> _TASK DESCRIPTION_: Return only the lines from the start of the records through the line that contains "Вязаные панамки крючком цветные", inclusive; leave out all pictures.

> _Collected data_:
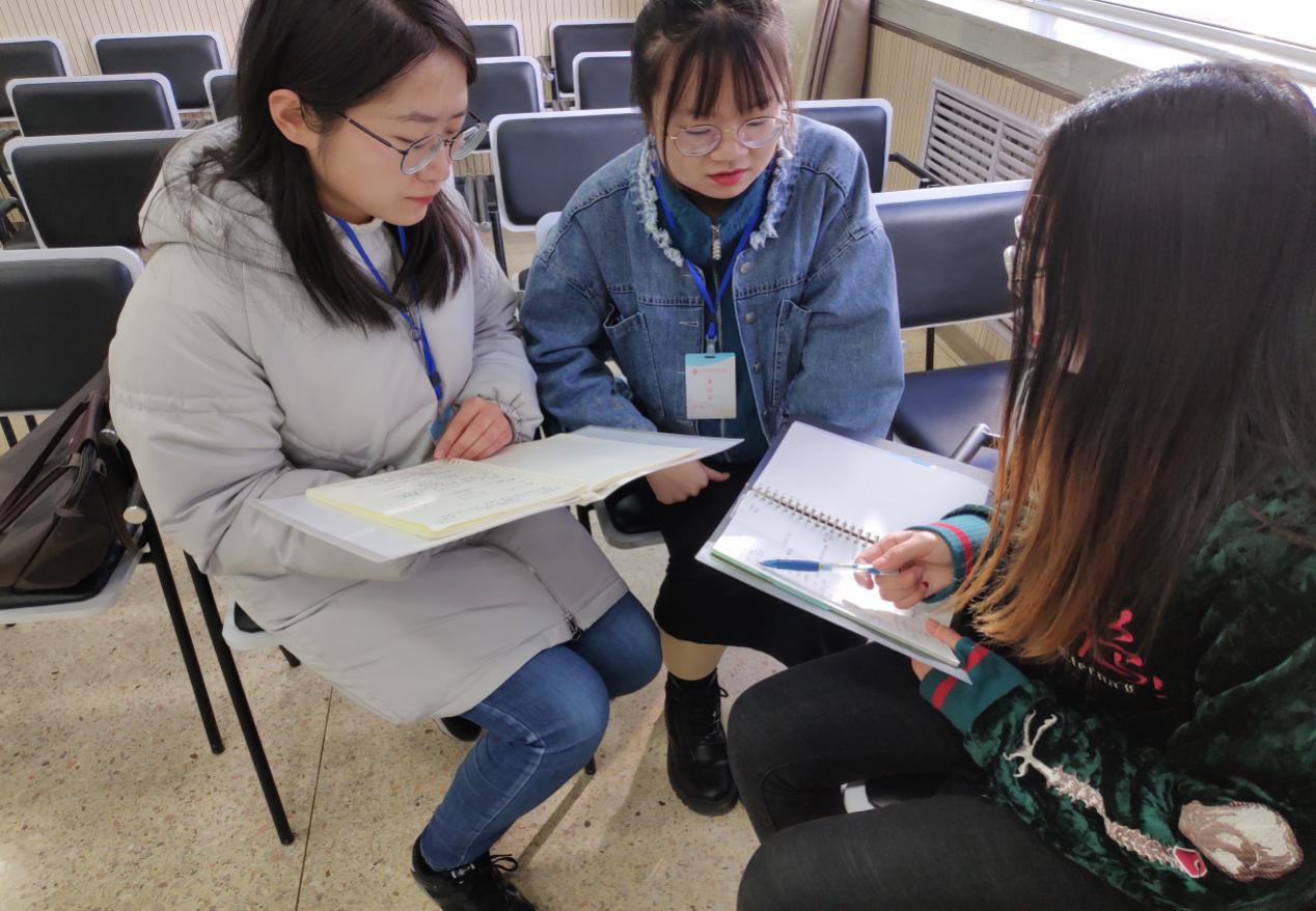 各位研究生在观摩的过程中认真记录,并在休息时间与郑玉飞老师、钱学锋老师围绕比赛内容展开讨论,钱学锋老师还为我们对比了两位教师对于同一内容《角的度量》的不同处理方式,分析对比出一个属于传统课堂教学,而一个属于新课改下的课堂教学,并给我们详细分析了这两个课的优缺点。在与两位老师的讨论中,大家对于所观摩课有了更加深入的了解。
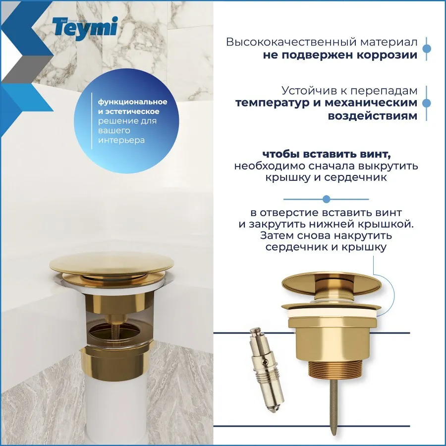 Донный клапан с переливом Teymi Lina для раковины, золото глянцевый T140215 – стильное и функциональное решение для современной ванной комнаты, которое подчеркнет изысканность интерьера и станет безупречным дизайнерским акцентом.
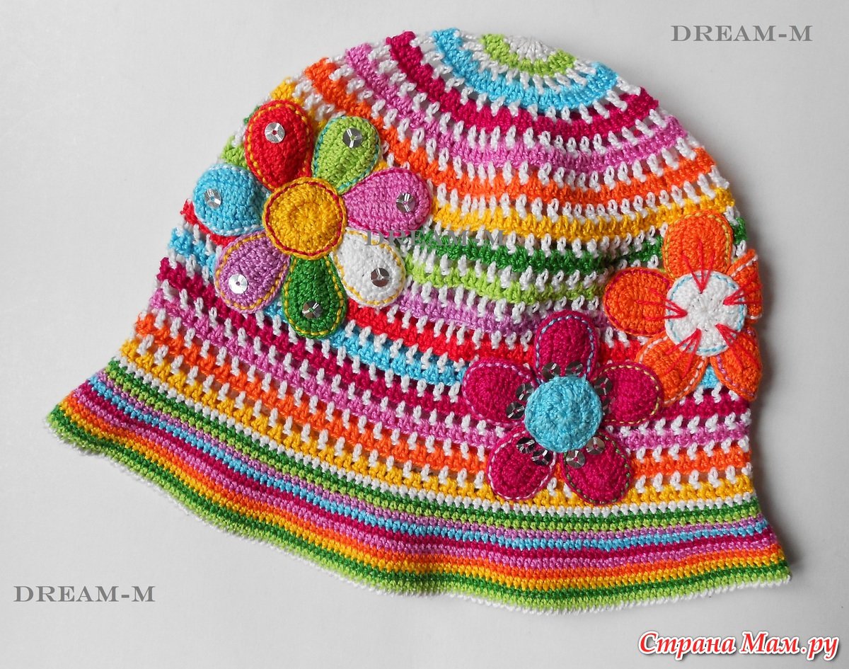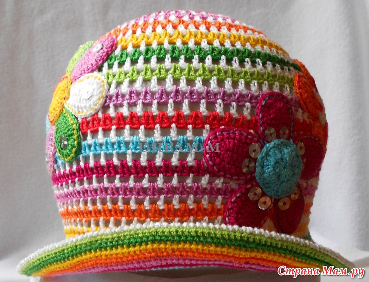 Вязаные панамки крючком цветные
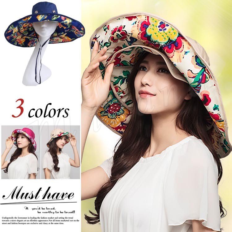 帽子 レディース 大きいサイズ 花柄 折りたため帽子 つば広 ハット 紫外線対策100%カット UVハット 風に飛ばない紐付きHAT 自転車
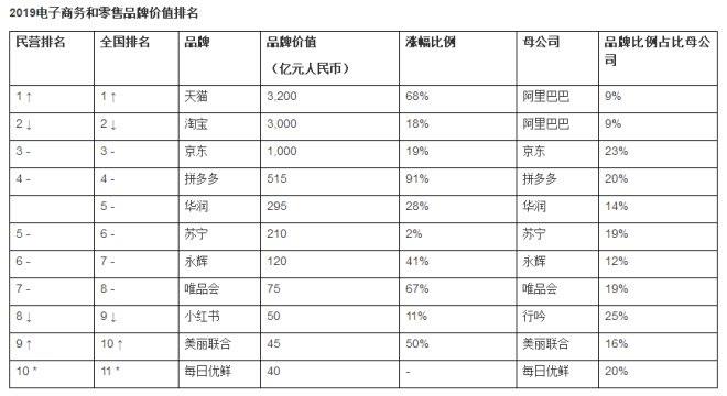 阿里巴巴共7個品牌上榜,成為上榜品牌數(shù)量最多的母公司,排名前三的是天貓、淘寶和菜鳥。騰訊有3個品牌上榜,分別是微信、騰訊和QQ。洋河股份有3個品牌上榜,分別是夢之藍、天之藍和海之藍。
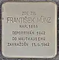 FRANTIŠEK MÜNZ BORN 1885 DEPORTED 1942 TO MAUTHAUSEN MURDERED 11 June 1942 |

> _FINISHED EXERCISE_:
 各位研究生在观摩的过程中认真记录,并在休息时间与郑玉飞老师、钱学锋老师围绕比赛内容展开讨论,钱学锋老师还为我们对比了两位教师对于同一内容《角的度量》的不同处理方式,分析对比出一个属于传统课堂教学,而一个属于新课改下的课堂教学,并给我们详细分析了这两个课的优缺点。在与两位老师的讨论中,大家对于所观摩课有了更加深入的了解。
 Донный клапан с переливом Teymi Lina для раковины, золото глянцевый T140215 – стильное и функциональное решение для современной ванной комнаты, которое подчеркнет изысканность интерьера и станет безупречным дизайнерским акцентом.
 Вязаные панамки крючком цветные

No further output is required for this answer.